● **Directions**: Leave the images behind and copy every record exactly.

● **Input records**:

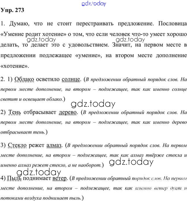 На страницах сайта gdz.today вы найдете учебный и вспомогательный материал, направленный на улучшения знаний школьной программы. ГДЗ - онлайн мир знаний Упражнения Часть 1 (решение) 273 Учебнику по Русскому языку для 8 класса Быстрова, Кибирева Русское слово Инновационная школа 2019
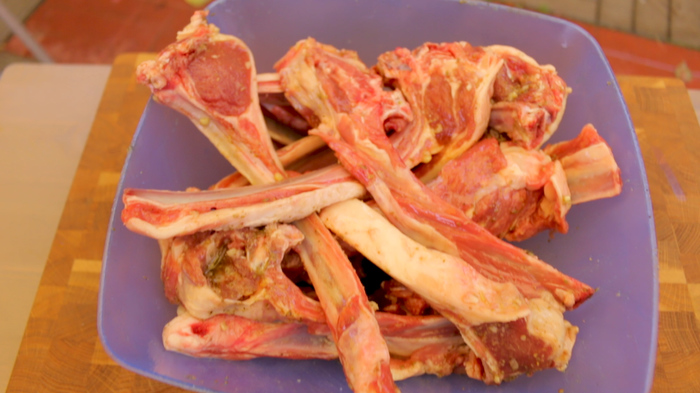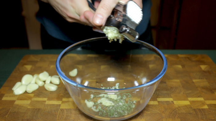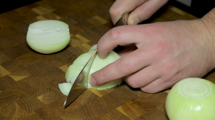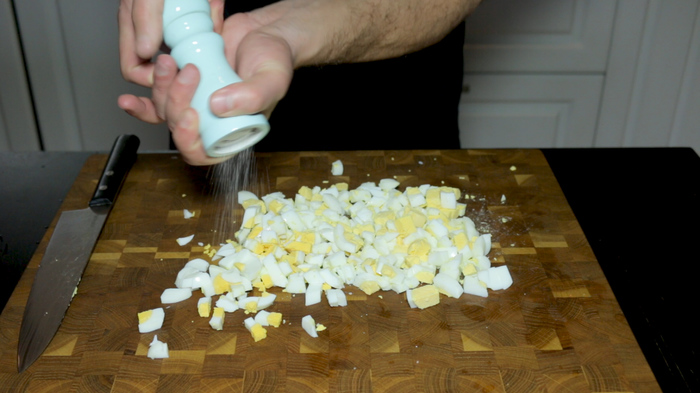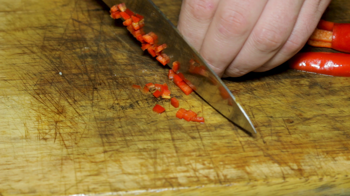 Красный чили перец разрезаем на 2 части и извлекаем из него семена. Затем мелко его нарезаем. Я делаю это сначала соломкой, а потом рублю её на мелкие кубики.
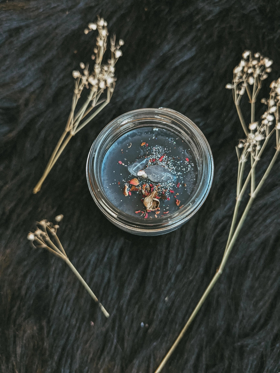 Ingredients: Natural Soy Wax, Cotton Wick, Paraben Free + Phalate Free Fragrance, Biodegradable Glitter, Crystals And Herbs
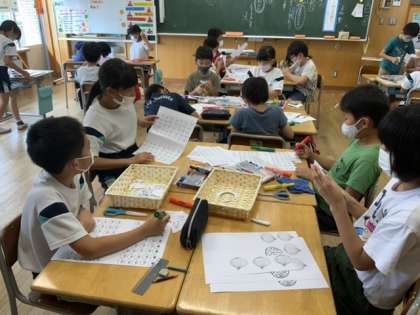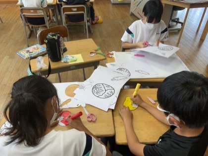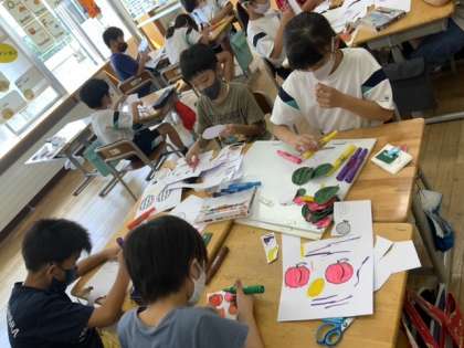 外国語活動で使う野菜や果物のカードをつくりました。色を考えて丁寧に作業を進めている子供たちです。
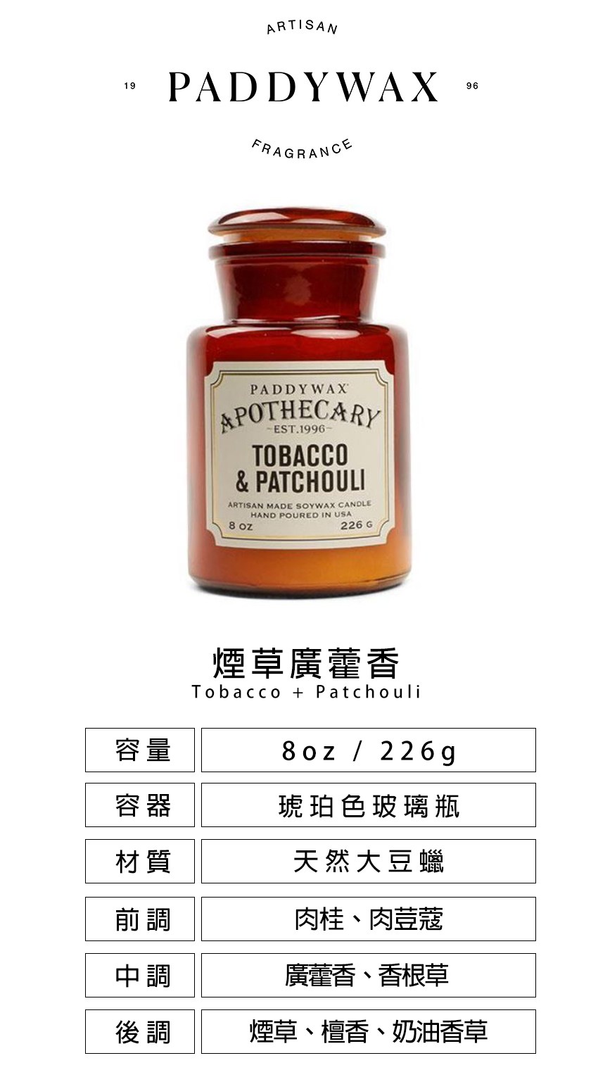 美國Paddywax 藥劑師系列 煙草廣藿香 香氛蠟燭 226g
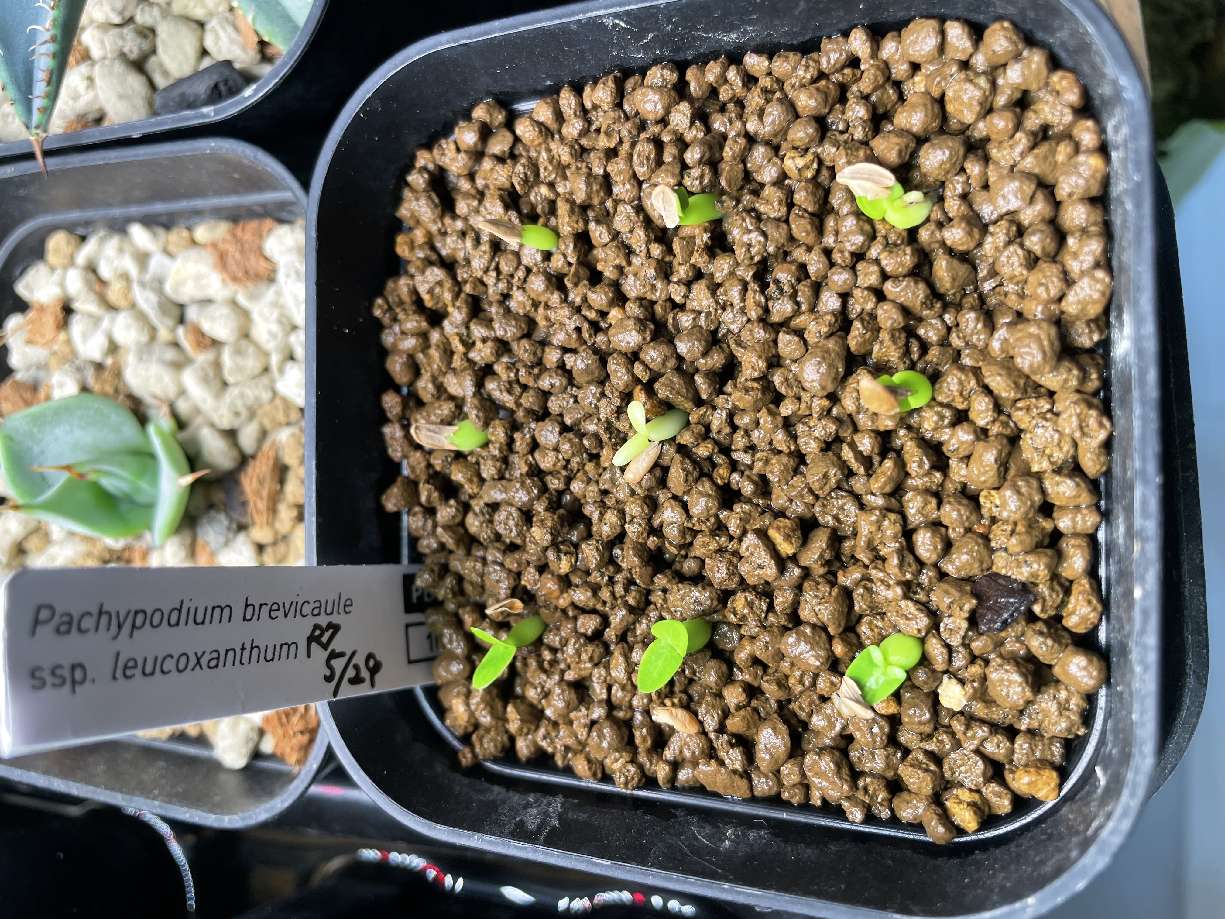 上記液を染み込ませたキッチンペーパー上(タッパー内で加湿)で22〜25度で管理発芽後、赤玉(細粒)メインの用土に植え替え
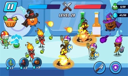 《蔬菜决斗》是一款非常好的战略战斗游戏,这个游戏有非常精彩的策略玩法,玩家希望使用各种蔬菜与敌人战斗,并用自己的策略解决它们,游戏的操作并不困难,你在每个关卡遇到的敌人的力量都会非常强大,玩家需要做好准备,这将很容易解锁更多的蔬菜来帮助你战斗。
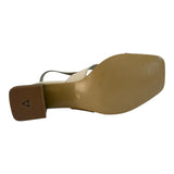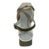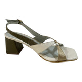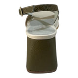 • Diseño: Sandalia de tacón bloque, punta cuadrada, tiras frontales entrelazadas en blanco y dorado/bronce, correa ajustable al tobillo y tacón en verde oliva/militar.
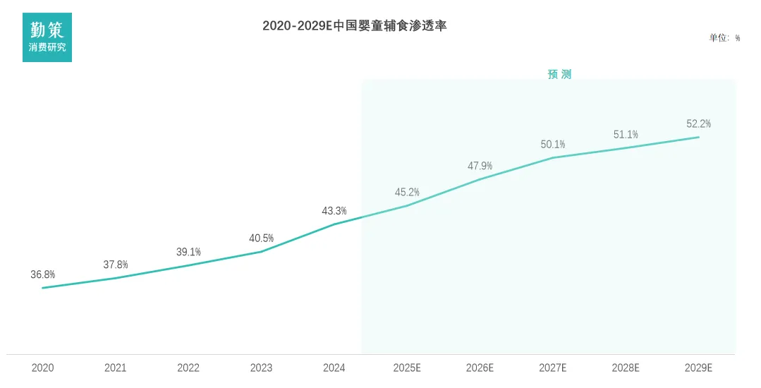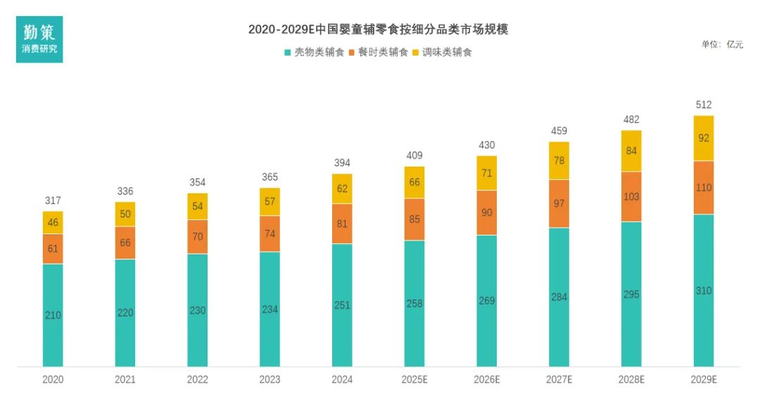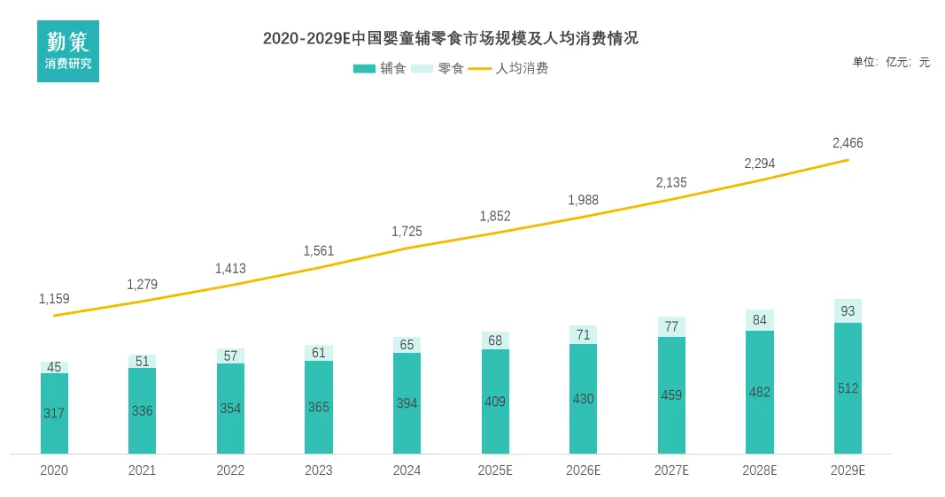 婴童零辅食指专为6个月至6周岁婴童设计的食品,旨在用于提供营养、辅助生长,及用于补充能量和营养,符合易消化、避开致敏成分等安全共识,同时有助于婴童口腔发育及手部动作训练。辅食作为母乳或配方奶粉之外的补充,用于提供全面营养,可进一步分为三大类,即谷物类辅食、餐食类辅食及调味类辅食。2、 政策刺激难抵人口内生动力走弱过去十六年,中国常住人口新生人数经历了“冲高后持续探底,近期低位小幅反弹”的剧烈波动。数据清晰地显示,出生人数在“单独二孩”(2014年)和“全面二孩”(2016年)政策刺激下形成两个高峰,其中2014年达1,987万人的峰值。然而,政策堆积效应消退后,出生人口自2018年起连续六年快速下滑,于2023年触及902万人的历史低点,累计降幅超过40%。2024年虽小幅回升至954万人,但绝对数量仍处于历史低位区间。数据来源:企业招股书,弗若斯特沙利文,勤策消费研究随着家长对零辅食在营养补充、咀嚼训练等方面专业价值的认知不断加深,该类产品已从婴童成长过程中的“可选补充品”逐渐转变为“必需品”。同时,喂养过程中多产品搭配使用的频率增加,能够同时满足多重营养及发育需求,进一步推动了市场渗透率的提升。6个月至6周岁婴童的零辅食渗透率已从2020年的36.8%上升至2024年的43.3%,预计未来将继续保持稳步增长趋势,到2029年有望达到约52.2%。数据来源:企业招股书,弗若斯特沙利文,勤策消费研究在公众号等新媒体平台和母婴内容创作者的推动下,行业已完成初步市场培育,正进入加速增长通道。中国婴童零辅食市场整体规模从2020年的362亿元增长至2024年的459亿元,年复合增长率约6.1%。人均年零辅食支出从2020年的1,159元增长至2024年的1,725元,预计2029年将达2,466元。其增长主要源于使用场景从家庭喂养向出行、户外等多场景延伸,以及市场教育深化推动家长对高附加值产品的认可。同时,20-30岁年轻家长因生活节奏快、家庭结构小型化,对即食解决方案依赖度提高,进一步拉动了购买频次和消费意愿,为市场高端化与扩容奠定了需求基础。数据来源:企业招股书,弗若斯特沙利文,勤策消费研究在婴童辅食市场中,谷物类、餐食类和调味类辅食呈现不同发展态势。谷物类辅食作为稳定增长的核心品类,市场规模从2020年210亿元增至2024年251亿元,其作为日常营养基础的地位持续稳固。餐食类和调味类辅食则快速增长,2020-2024年市场规模分别从61亿元、46亿元增至81亿元、62亿元,复合年增长率分别约7.3%和8.1%。受益于饮食精细化、营养认知提升及产品创新,预计到2029年两者规模将分别达到约110亿元和92亿元,2024-2029年复合年增长率预计约为6.3%和8.0%,反映行业向专业化、功能化发展的趋势。二、中国婴童辅零食产业链:从“基础保障”走向“科学精细”上游为农副产品原料、营养强化剂及设备包装材料供应商;下游为销售渠道,品牌方通过下游渠道触达消费者并销售产品。三、中国婴童辅零食竞争格局:市场格局分散,头部企业增长动能分化1.中国婴童零辅食市场格局分散,头部企业增长动能分化
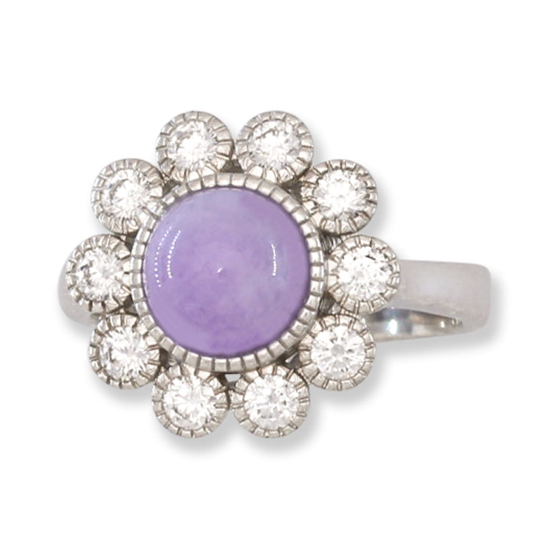 18K White Gold Lavender Jadeite Jade Diamond Ring | UPC #359383
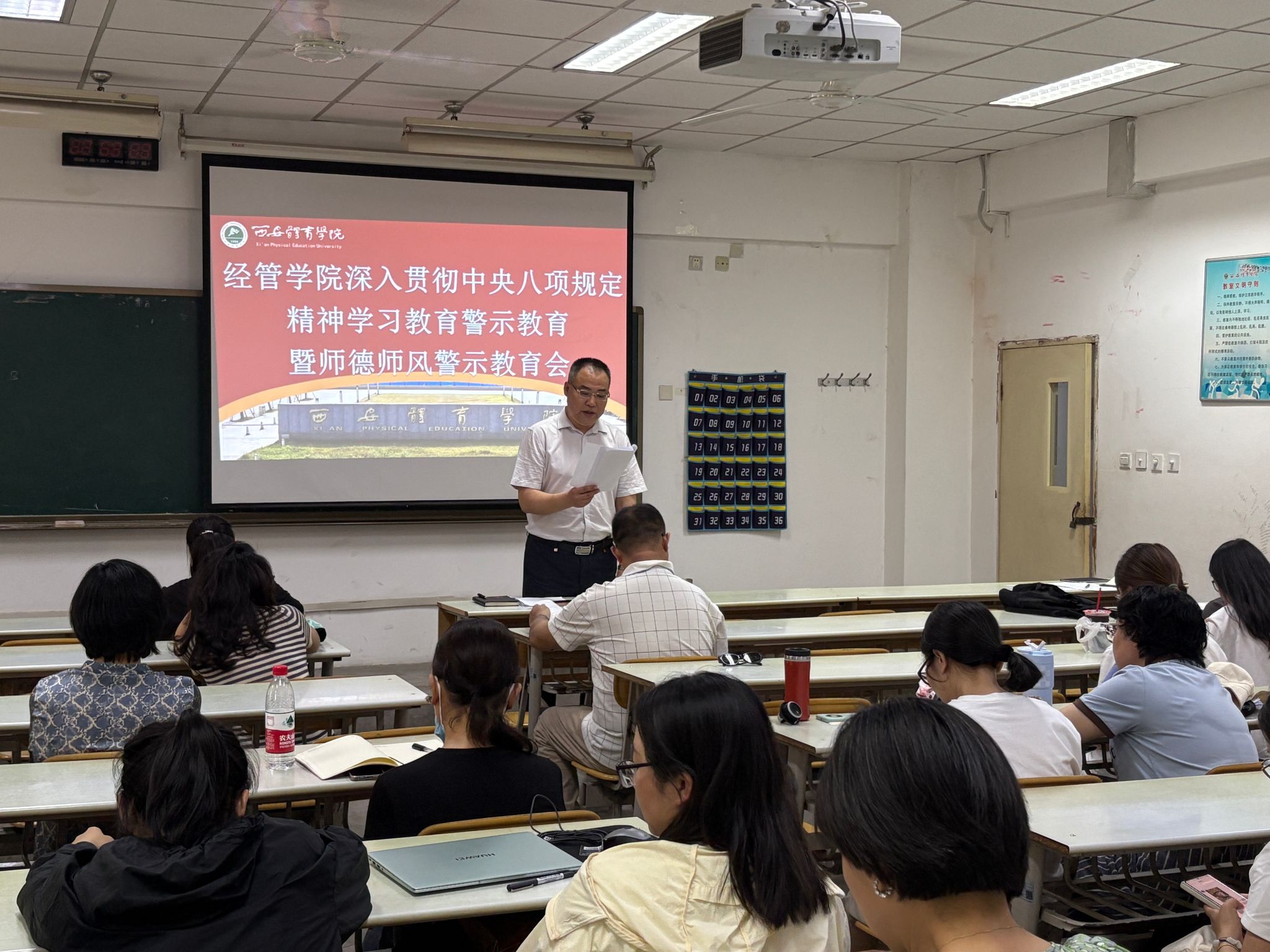 为深入贯彻落实中央八项规定精神,进一步强化师德师风建设,万象城allwincity官网体育经济与管理学院于5月21日下午,在含光校区新教学楼102教室召开了经管学院警示教育暨师德师风警示教育会,学院全体教职工共同参与教育活动。
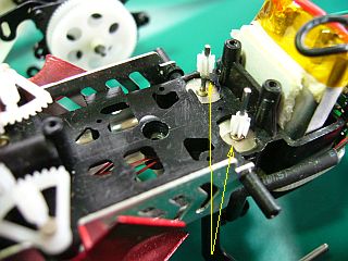 結局、この赤色の機体は、今は修理成らず。(この「小ギア」が、軸に固く固定出来さえすれば、OKなんだがなぁ...と思いつつ、中断)

● **The answer**:
 На страницах сайта gdz.today вы найдете учебный и вспомогательный материал, направленный на улучшения знаний школьной программы. ГДЗ - онлайн мир знаний Упражнения Часть 1 (решение) 273 Учебнику по Русскому языку для 8 класса Быстрова, Кибирева Русское слово Инновационная школа 2019
 Красный чили перец разрезаем на 2 части и извлекаем из него семена. Затем мелко его нарезаем. Я делаю это сначала соломкой, а потом рублю её на мелкие кубики.
 Ingredients: Natural Soy Wax, Cotton Wick, Paraben Free + Phalate Free Fragrance, Biodegradable Glitter, Crystals And Herbs
 外国語活動で使う野菜や果物のカードをつくりました。色を考えて丁寧に作業を進めている子供たちです。
 美國Paddywax 藥劑師系列 煙草廣藿香 香氛蠟燭 226g
 上記液を染み込ませたキッチンペーパー上(タッパー内で加湿)で22〜25度で管理発芽後、赤玉(細粒)メインの用土に植え替え
 《蔬菜决斗》是一款非常好的战略战斗游戏,这个游戏有非常精彩的策略玩法,玩家希望使用各种蔬菜与敌人战斗,并用自己的策略解决它们,游戏的操作并不困难,你在每个关卡遇到的敌人的力量都会非常强大,玩家需要做好准备,这将很容易解锁更多的蔬菜来帮助你战斗。
 • Diseño: Sandalia de tacón bloque, punta cuadrada, tiras frontales entrelazadas en blanco y dorado/bronce, correa ajustable al tobillo y tacón en verde oliva/militar.
 婴童零辅食指专为6个月至6周岁婴童设计的食品,旨在用于提供营养、辅助生长,及用于补充能量和营养,符合易消化、避开致敏成分等安全共识,同时有助于婴童口腔发育及手部动作训练。辅食作为母乳或配方奶粉之外的补充,用于提供全面营养,可进一步分为三大类,即谷物类辅食、餐食类辅食及调味类辅食。2、 政策刺激难抵人口内生动力走弱过去十六年,中国常住人口新生人数经历了“冲高后持续探底,近期低位小幅反弹”的剧烈波动。数据清晰地显示,出生人数在“单独二孩”(2014年)和“全面二孩”(2016年)政策刺激下形成两个高峰,其中2014年达1,987万人的峰值。然而,政策堆积效应消退后,出生人口自2018年起连续六年快速下滑,于2023年触及902万人的历史低点,累计降幅超过40%。2024年虽小幅回升至954万人,但绝对数量仍处于历史低位区间。数据来源:企业招股书,弗若斯特沙利文,勤策消费研究随着家长对零辅食在营养补充、咀嚼训练等方面专业价值的认知不断加深,该类产品已从婴童成长过程中的“可选补充品”逐渐转变为“必需品”。同时,喂养过程中多产品搭配使用的频率增加,能够同时满足多重营养及发育需求,进一步推动了市场渗透率的提升。6个月至6周岁婴童的零辅食渗透率已从2020年的36.8%上升至2024年的43.3%,预计未来将继续保持稳步增长趋势,到2029年有望达到约52.2%。数据来源:企业招股书,弗若斯特沙利文,勤策消费研究在公众号等新媒体平台和母婴内容创作者的推动下,行业已完成初步市场培育,正进入加速增长通道。中国婴童零辅食市场整体规模从2020年的362亿元增长至2024年的459亿元,年复合增长率约6.1%。人均年零辅食支出从2020年的1,159元增长至2024年的1,725元,预计2029年将达2,466元。其增长主要源于使用场景从家庭喂养向出行、户外等多场景延伸,以及市场教育深化推动家长对高附加值产品的认可。同时,20-30岁年轻家长因生活节奏快、家庭结构小型化,对即食解决方案依赖度提高,进一步拉动了购买频次和消费意愿,为市场高端化与扩容奠定了需求基础。数据来源:企业招股书,弗若斯特沙利文,勤策消费研究在婴童辅食市场中,谷物类、餐食类和调味类辅食呈现不同发展态势。谷物类辅食作为稳定增长的核心品类,市场规模从2020年210亿元增至2024年251亿元,其作为日常营养基础的地位持续稳固。餐食类和调味类辅食则快速增长,2020-2024年市场规模分别从61亿元、46亿元增至81亿元、62亿元,复合年增长率分别约7.3%和8.1%。受益于饮食精细化、营养认知提升及产品创新,预计到2029年两者规模将分别达到约110亿元和92亿元,2024-2029年复合年增长率预计约为6.3%和8.0%,反映行业向专业化、功能化发展的趋势。二、中国婴童辅零食产业链:从“基础保障”走向“科学精细”上游为农副产品原料、营养强化剂及设备包装材料供应商;下游为销售渠道,品牌方通过下游渠道触达消费者并销售产品。三、中国婴童辅零食竞争格局:市场格局分散,头部企业增长动能分化1.中国婴童零辅食市场格局分散,头部企业增长动能分化
 18K White Gold Lavender Jadeite Jade Diamond Ring | UPC #359383
 为深入贯彻落实中央八项规定精神,进一步强化师德师风建设,万象城allwincity官网体育经济与管理学院于5月21日下午,在含光校区新教学楼102教室召开了经管学院警示教育暨师德师风警示教育会,学院全体教职工共同参与教育活动。
 結局、この赤色の機体は、今は修理成らず。(この「小ギア」が、軸に固く固定出来さえすれば、OKなんだがなぁ...と思いつつ、中断)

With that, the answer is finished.